— Не извольте беспокоиться, Государь! Умерла она, почитай — года два, как уже…
Я выразил своё самое искреннее соболезнование и, мы в полной тишине допили чай.
— Разрешите Вас покинуть, Ваше…
— Разрешаю покинуть меня, но только после завтрака, — посмотрел на часы, — это будет очень скоро, не волнуйтесь!
Внезапно — как обычно, озарило:
— А Вы хорошо юриспруденцию знаете, господин коллежский секретарь?
— Достаточно хорошо, — слегка поклонился тот.

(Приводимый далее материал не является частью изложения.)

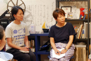 まずは、映画の老夫婦のように小さくともささやかな暮らしからラブ&ピースが生まれるというお話や、日常の中で急にあと3分で原爆が落ちると言われたらどうすればいいのか、こういう戦争が起きないようにするにはどうすればいいのかと思いながら観ていたと、お客さまから感想を語っていただきました。また、戦争のことを知るという上で、映画館の果たす役割が大きいとのお声もいただきました。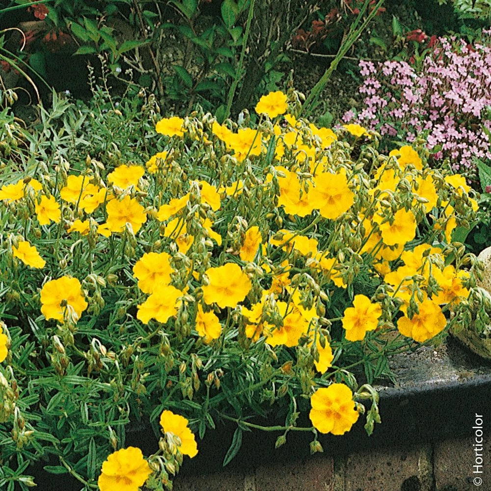Typique des prairies sèches et des garrigues, l’Helianthemum X ‘Ben Fhada’ ou hélianthème hybride ‘Ben Fhada’ forme un sous-arbrisseau tapissant couvert de fleurs jaune vif entre mai et juillet. Facile à cultiver en sol bien drainé et au soleil, plantez ce petit bijou en rocaille, auge, garniture de dallage et même potées fleuries.

— Тогда, я принимаю Вас на работу в мою Свиту в качестве моего юридического консультанта… Пока, дальше — посмотрим. В ближайшее время, мне предстоит издать целый ряд законов и потребуется помощь опытного юриста.
Любые реформы, любые политические подвижки в любой стране, начинаются с бумаготворчества — с издания соответствующих законов. Это, любой попаданец должен калённым железом у себя на лбу выжечь! А написать и затем издать «работоспособный» закон, невозможно без знающего специалиста — это, как дважды два.
— Ваше Имп…, — прижал руки к груди тот, видимо никак не ожидая такого результата своего «собеседования» с Императором.
Тон мой, становится ледяным:
— Отказ не принимается, господин коллежский секретарь! Время сейчас военное — считайте себя мобилизованным в действующую армию. Теперь, идите в Имперскую Канцелярию, пишите заявление… До сегодняшнего вечера устаиваете все свои дела — связанные с увольнение с предыдущей службы и, завтра с утра — как штык здесь! У нас с Вами очень много работы…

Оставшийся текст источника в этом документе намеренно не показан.